Оранжевый абажур | страница 79
1964
Оранжевый абажур
Ирина расписывала прозрачными водяными красками самодельный абажур золотисто-желтого крепдешина, копируя картинки из книжки сказок Чуковского. Рисовала она хорошо.
— Мам, а это кто?
— Я же сказала, Оленька, крокодил.
— Кьёкодил?
На самодельном коврике над детской кроваткой бодались упрямые козлики. С фотографических портретов в натуральную величину таращили глаза Олины приятели. Оригиналы присутствовали тут же: кот, сидя чуть в сторонке, снисходительно прищурившись, наблюдал за работой Ирины, боксер морщил с порога сердитую, курносую морду. Вход в детскую ему был воспрещен.
Из взрослых предметов, кроме стула, здесь находилась только узенькая девическая кровать Ирины. Но и она была застлана смешным лоскутным одеялом. А небольшой старинный гобелен на стене изображал пушистого котенка, лапку которого защемил клешней длинноусый черный рак, сидящий в корзинке, куда сунулся любопытный малыш.
Старинные часы в соседней комнате гулко и переливчато пробили один удар. Это означало половину восьмого. Ирина заторопилась, заканчивая раскраску. Алексей час назад позвонил из института и предупредил, что сегодня вернется с работы рано, в восемь часов. Она вздохнула. На его языке это называется — рано!
Лепет и бесконечные вопросы дочки Ирина слушала рассеянно и отвечала невпопад. Минутный разговор по телефону пробудил в ней то состояние тревоги, в котором она находилась теперь почти постоянно, хотя боролась с ним и скрывала от мужа. На вопрос о причине его чрезмерной усталости Алексей ответил не сразу, а после тяжелой паузы: «Об этом потом… расскажу дома…»
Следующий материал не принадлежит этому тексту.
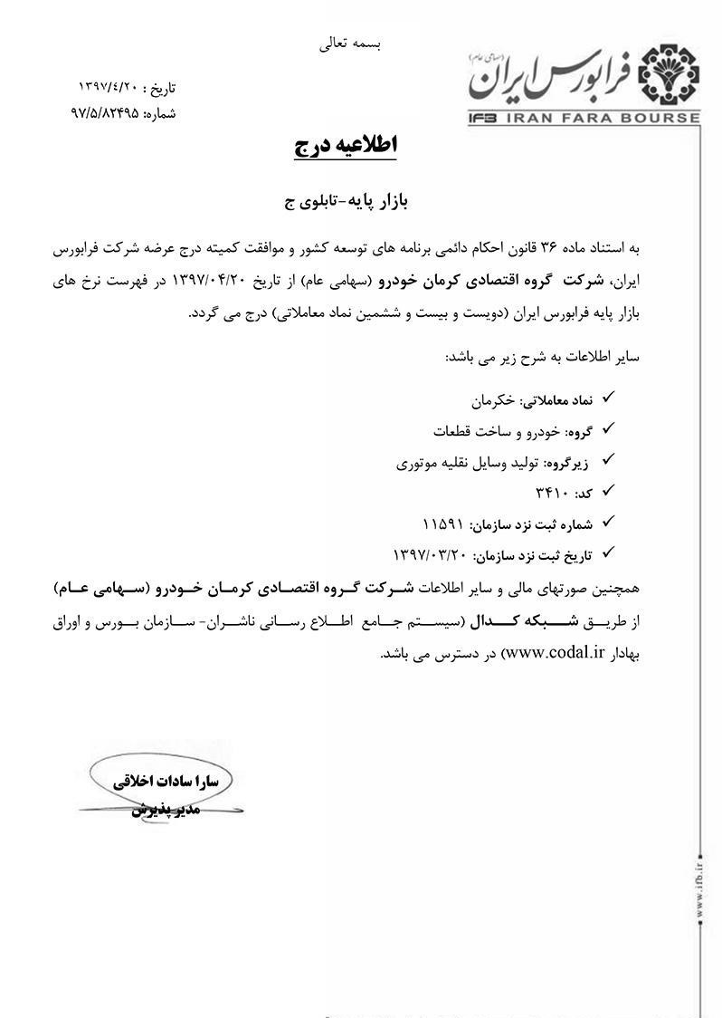 به استناد ماده ۳۶ قانون احکام دائمی برنامه های توسعه کشور و موافقت کمیته درج عرضه شرکت فرابورس ایران، گروه اقتصادی کرمان خودرو در فهرست نرخ های بازار پایه فرابورس ایران درج میشود.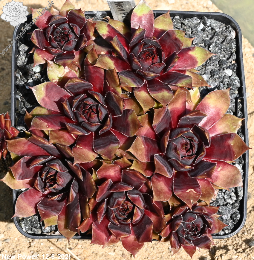 Mit Sempervivum 'New Power' haben wir eine ganz neue, sehr farbenfrohe Züchtung im Sortiment. Die kräftigen Rosetten erreichen einen Durchmesser von 9cm und haben sich als sehr robust gezeigt. Sie sprossen willig und bilden ganz dichte Polster. Besonders in den Sommermonaten fallen die Pflanzen auf. Die Färbung hält sich sehr gut und verträgt auch höhere Temperaturen. Das große, warm rotlila gefärbte Zentrum fällt sofort ins Auge. Die Blattenden besitzen eine helle Färbung und zeigen besonders im Sommer fast gelb/orange Töne. Zu dieser Zeit färben sich die Blattspitzen hellrot und verstärken diese bunte Wirkung. Das Zentrum wirkt metallisch und hat seinen ganz eigenen Reiz.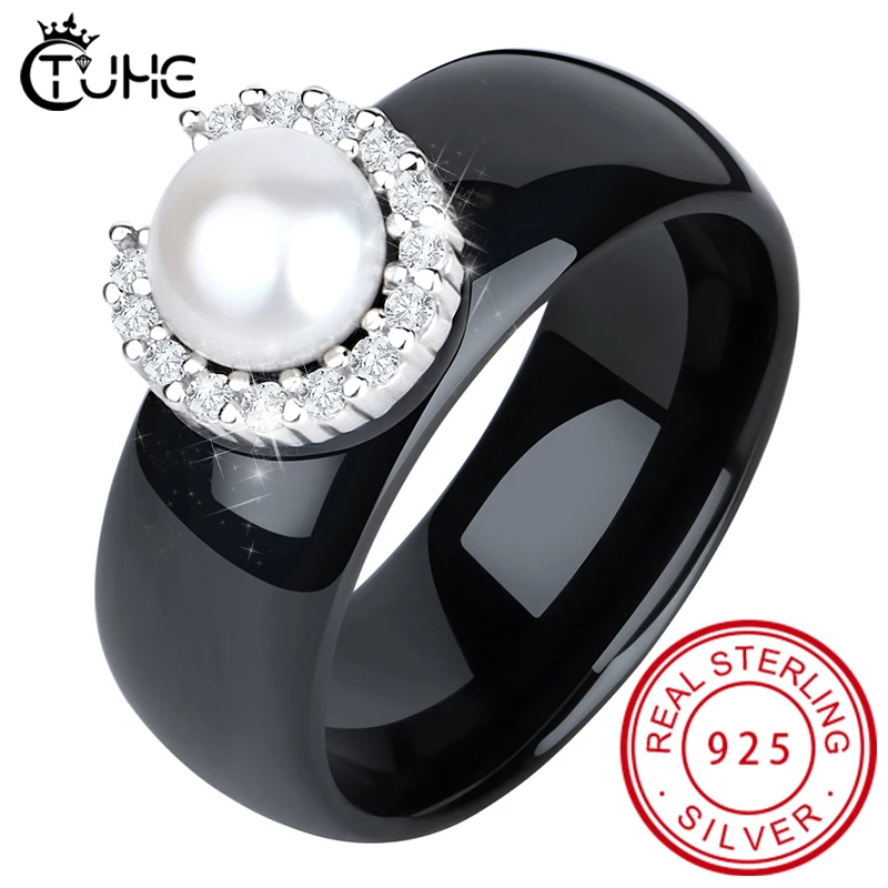S925 стерлингового серебра кольца для женщин Настоящее Жемчужное кольцо с драгоценным камнем керамика романтический подарок обручальные юв...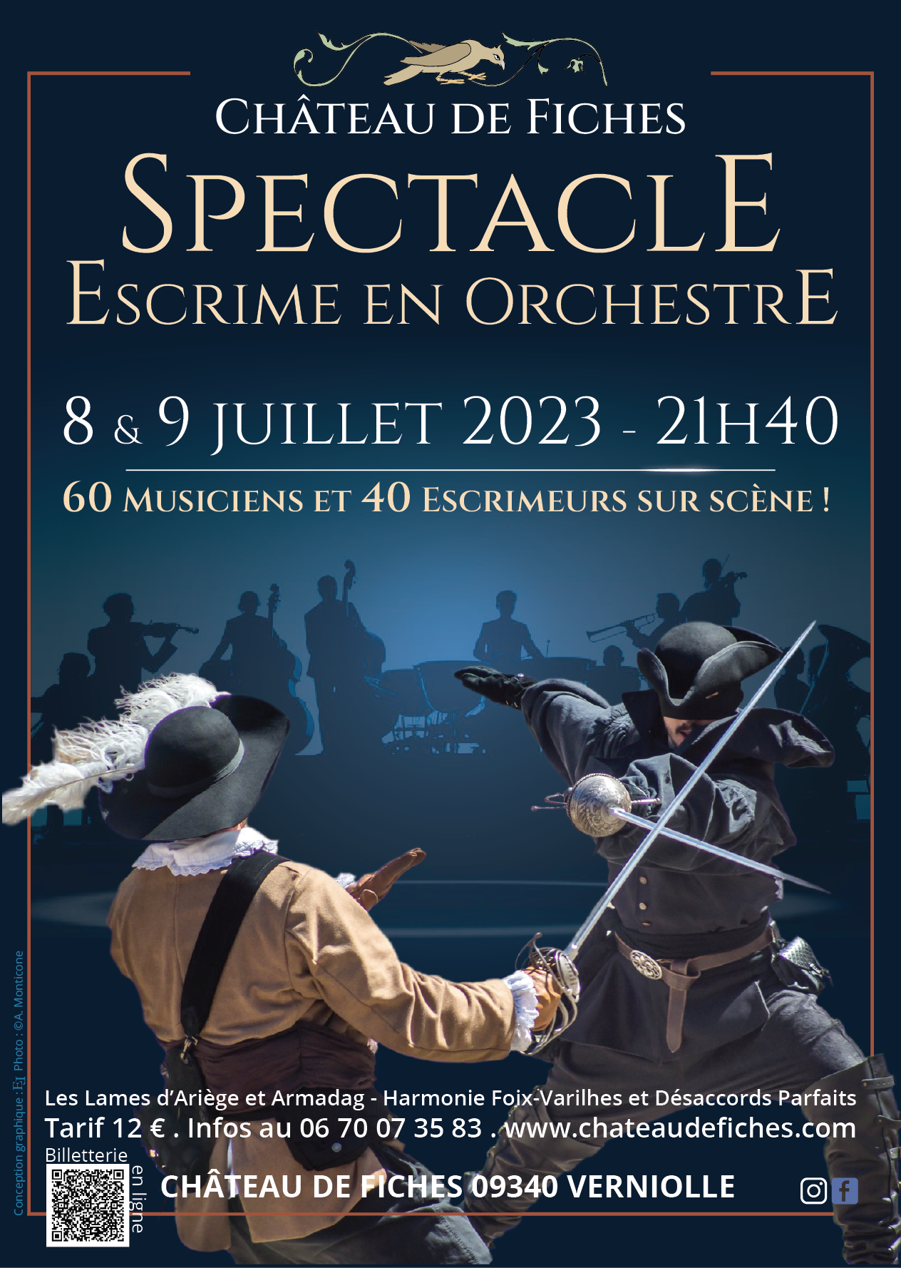 Un grand spectacle d’escrime et un voyage à travers les siècles, en musique ! Au pied du château de Fiches, vivez l’aventure des courageux Cathares, des puissants Vikings, des brillants Mousquetaires, des espiègles Pirates et bien d’autres personnages hauts en couleurs. Des combats époustouflants, des chants, des rires et de l’émotion au rythme d’un orchestre de 60 musiciens !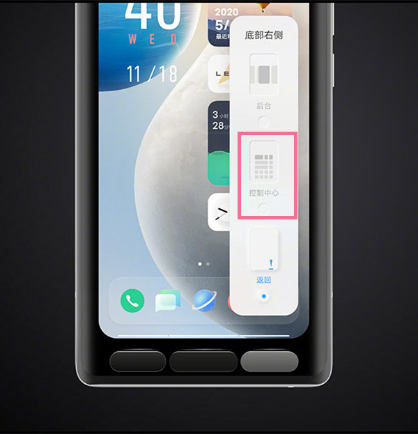 4、点击底部左侧或右侧按钮即可设置上滑控制中心。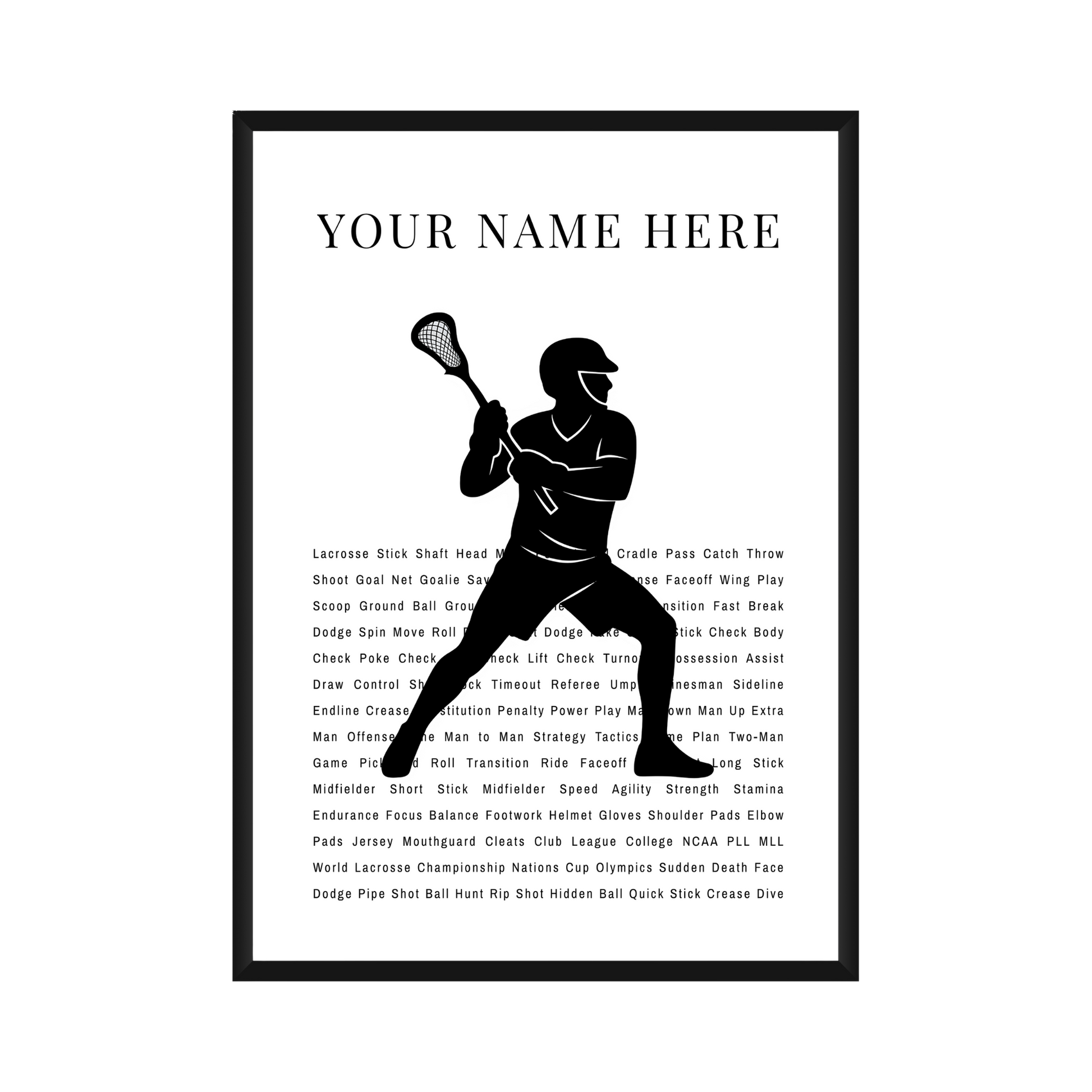 Celebrate your love for lacrosse with this personalized poster, designed in a stylish newspaper-inspired layout filled with lacrosse-related words that capture the spirit of the sport. Add your own name, a loved one’s name, or a special message to create a unique, custom art print that’s perfect for your home, office, or as a thoughtful gift for any lacrosse enthusiast.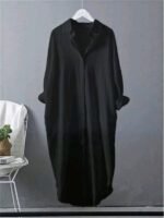 “قطعة واحدة، بـ 100 طريقة للتنسيق! سواء اعتمدتِه كدريس، أو فتحتِه ككيمونو فوق تيشيرت وجينز، هذا الشيميز الطويل سيغير مفهومك عن الراحة والتميز.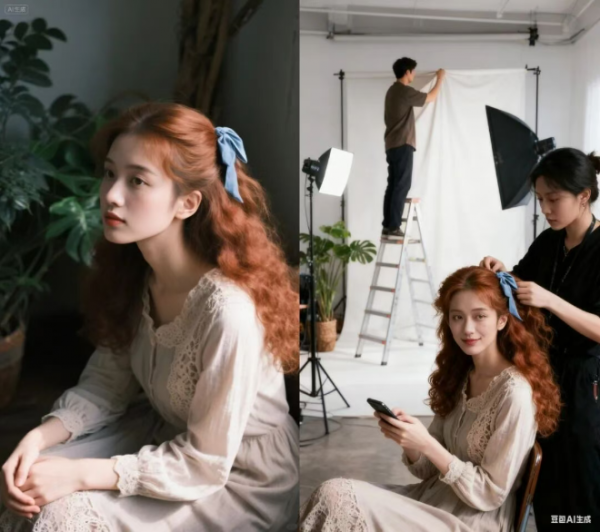提示词:展示布景搭建的场景,坐着滑手机,身后有一位女性正在帮她整理头发,背景里有一名男子站在梯子上挂幕布,幕布后露出摄影棚的环境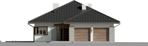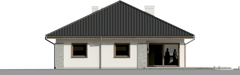 Graficzne opracowanie rzutów poglądowych widocznych na karcie projektu zostało wykonane przez Extradom.pl. Prezentowane przez Extradom.pl wizualizacje wykonane zostały przez autora projektu i należy poczytywać je jedynie za przykład i propozycję wykończenia, wizję architektoniczną autora projektu. Ostateczne wykończenie budynku może nastąpić na wiele sposobów. Szczegółowe rozwiązania zastosowane w oferowanej dokumentacji - w tym również ilość, lokalizacje i wygląd okien, drzwi, kominów - mogą w niewielkim stopniu różnić się od prezentowanej wizualizacji budynku.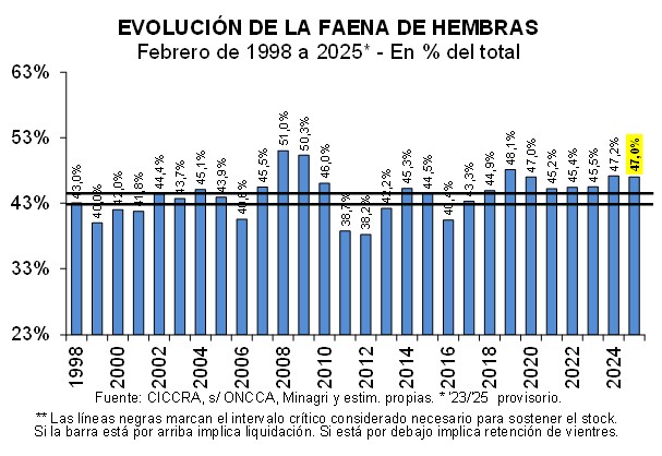 En el caso de la faena de hembras, el total faenado disminuyó 3,0% anual, totalizando 482,14 mil cabezas. Dado que la contracción fue mayor a la de los machos, la importancia de las hembras en la faena total cayó a 47,0%, ubicándose 0,15 puntos porcentuales por debajo de febrero de 2024. No obstante lo cual, cabe destacar el sostenimiento de esta ratio por encima del límite superior compatible con el mantenimiento del rodeo vacuno (45%). Y también hay que resaltar la persistente ganancia de participación de las vaquillonas en la faena de hembras. En comparación con febrero de 2024, la faena de vaquillonas creció 7,7% y se ubicó en 313,87 mil cabezas.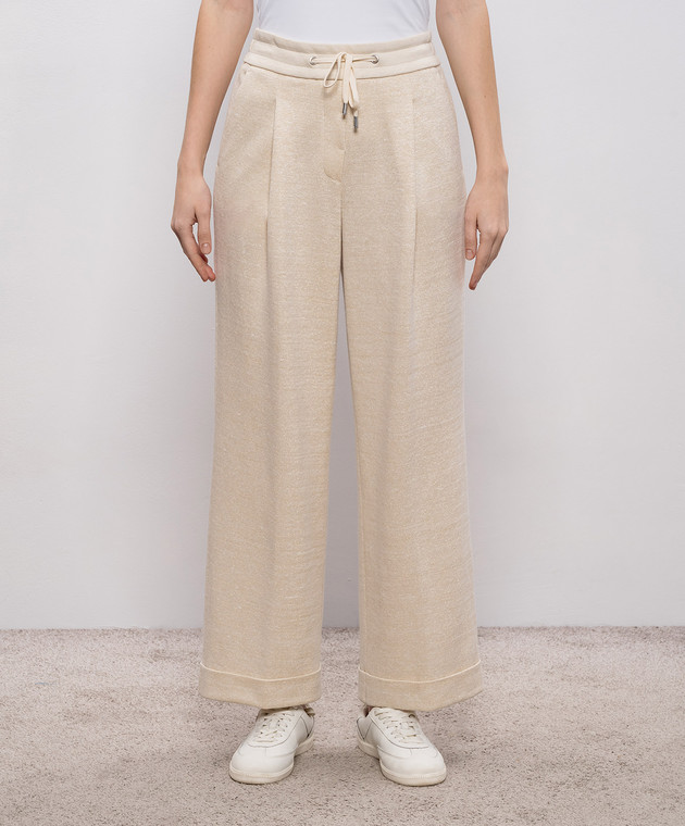 Бежевые спортивные брюки с люрексом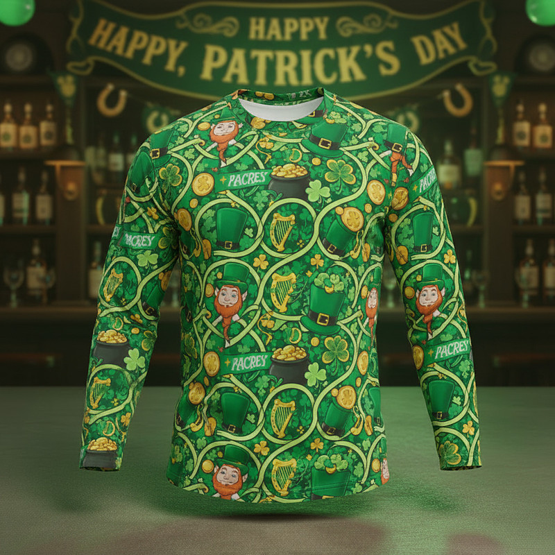 St. Patrick's Day Long Sleeve T-Shirt for Men Lucky Irish Clover Shamrock Graphic Tee 3D Print Crew Neck St. Paddy's Day Top
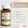Poveikis: ašvaganda, pagrindinė tabletės sudedamoji dalis-migdomoji vitanija yra viena iš galingiausių rasajanų, žinomų senovės Indijoje, ir ji palengvina Kapha ir Vata došas. Tai padeda atjauninti ir išgydyti protą ir kūną. Šimtmečius jis buvo naudojamas kaip vaistas žmonėms gydyti nuo kasdienių bėdų, tokių kaip stresas, nerimas, išsekimas, miego trūkumas ir kt. Ashwagandha stiprina nervų sistemą ir yra gerai žinomas kaip ramus ir vėsus. Be to, žolelės diuretikai, afrodiziakai ir imunomoduliatoriai palengvina inkstų ligas ir infekcijas bei suteikia jūsų gyvenimui gyvybingumo.

Уже больше трех лет, как они муж и жена. Безнадежный старый холостяк, профессор Трубников, руководитель большого научного отдела в крупнейшем научно-исследовательском институте и молодая переводчица-референт того же института. Ирина Николаевна моложе Алексея Дмитриевича на пятнадцать лет. Живая и веселая, она — прямая противоположность хмурому и внешне необщительному мужу. Многие до сих пор считают, что, несмотря на переход к семейной жизни, Трубникова по-прежнему интересуют только книги, работа в лаборатории и машины. Но мало кто знал, что неизрасходованный до сих пор запас суровой доброты и нежности в этом человеке почти безраздельно достался его жене и дочери.
Что же случилось там, в институте, отчего у Алексея изменился голос? В физико-техническом происходило теперь то же, что и всюду — арестовывали людей. Если человек не являлся утром на работу, сотрудники молча переглядывались, кто-нибудь спускался в вестибюль и украдкой смотрел на табельную доску. Если жетон был на месте — не исключалась болезнь и другие житейские причины неявки. Но если исчезал и жетон, никаких разговоров и расспросов об этом человеке быть не могло.